The remarkable spontaneous emergence of these sophisticated behaviors from such a simple physical process suggests that causal entropic forces might be used as the basis for a general—and potentially universal—thermodynamic model for adaptive behavior.

How does this fit in with intelligence?

I see two different ways one can think about this new approach. One, as an independent definition of intelligence from very simple physical principles. Two, in terms of existing definitions of intelligence, seeing where it fits in and if it can be shown to be equivalent or recovered partially.

Defining intelligence as causal entropy maximization (CEM) is a very appealing as it only requires a few very basic physical principles to work. In this sense it is a very powerful concept. But as all definitions it is neither right nor wrong, its merit rests on how useful it is. The question is thus how well does this version of intelligence capture our intutions about the concept, and how well it fits with existing phenomena that we currently classify as intelligent[1]. Ill consider a simple example to suggest that intelligence defined this way cannot be the entire picture.

That example is unsurprisingly life, the cradle of intelligence. The concept that directly collides with intelligence defined as CEM is negentropy. Organisms behave adaptively to keep their biological systems within the narrow space of parameters that is compatible with life. We would call this adaptive behaviour intelligent, and yet its effect is precisely that of reducing entropy. Indeed, maximizing causal entropy for a living being means one thing, death.

One could argue that the system is not just the living organism, but the living organism plus its environment, and that in that case the entropy perhaps would be maximized[2]. This could resolve the apparent incompatibility, but CEM still seems unsatisfying. How can a good definition of intelligence leave out an essential aspect of intelligent life: the entropy minimization that all living beings must carry out. Is this local entropy minimization implicit in the overall causal entropy maximization?

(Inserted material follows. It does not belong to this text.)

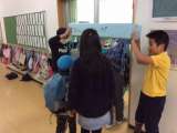 6年1組の皆さんが、ミュージックフェスタで使う体育館掲示用の大きな歌詞カードを作...
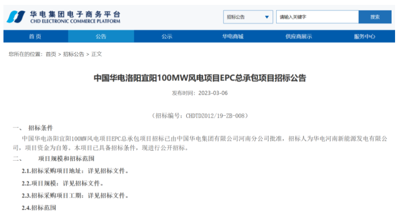 3月6日,華電集團電子商務平臺發(fā)布《中國華電洛陽宜陽100MW風電項目EPC總承包項目招標公告》。

CEM, intelligence and goals

Although there is no single correct existing definition of intelligence, it can be said that current working definitions share certain common features. Citing [3]

If we scan through the definitions pulling out commonly occurring features we find that intelligence is:

• A property that an individual agent has as it interacts with its environment or environments.

• Is related to the agent’s ability to succeed or profit with respect to some goal or objective.

• Depends on how able to agent is to adapt to different objectives and environments.

In particular, intelligence is related to the ability to achieve goals. One of the appealing characteristics of CEM as defining intelligence is that it does not need to define goals explicitly. In the simulations carried out by the authors the resulting behaviour seemed to be directed at achieving some goal that was not specified by the experimenters. It could be said that the goals emerged spontaneously from CEM.  But it remains to be seen whether this goal directed behaviour results automatically in real complex environments. For the example of life I mentioned above, it looks to be just the opposite.

So in general, how does CEM fit in with existing frameworks where intelligence is the ability to achieve goals in a wide range of environments[3]? Again, I see two possibilities:

  • CEM is a very general heuristic[4] that aligns with standard intelligence when there is uncertainty in the utility of different courses of action
  • CEM can be shown to be equivalent if there exists an encoding that represents specific goals via blocked off regions in configuration space (macrostates)

The idea behind the first possibility is very simple. If an agent is faced with many possibilities where it is unclear which one will lead to achieving its goals, then maximizing expected utility would seek to follow courses of action that allow it to react adaptively and flexibly when more information becomes available. This heuristic is just a version of keep your options open.

The second idea is just a matter of realizing that CEM’s resulting behaviour depends on how you count possible paths to determine the causal entropy of a macrostate. If one were to rule out paths that result in low utility given certain goals, then CEM could turn out to be equivalent to existing approaches to intelligence. Is it possible to recover intelligent goal directed behaviour as an instance of CEM given the right configuration space restrictions?


References

[1] Our intuitions about intelligence exist prior to any technical definition. For example, we would agree that a monkey is more intelligent than a rock, and that a person is more intelligent than a fly. A definition that does not fit these basic notions would be unsatisfactory.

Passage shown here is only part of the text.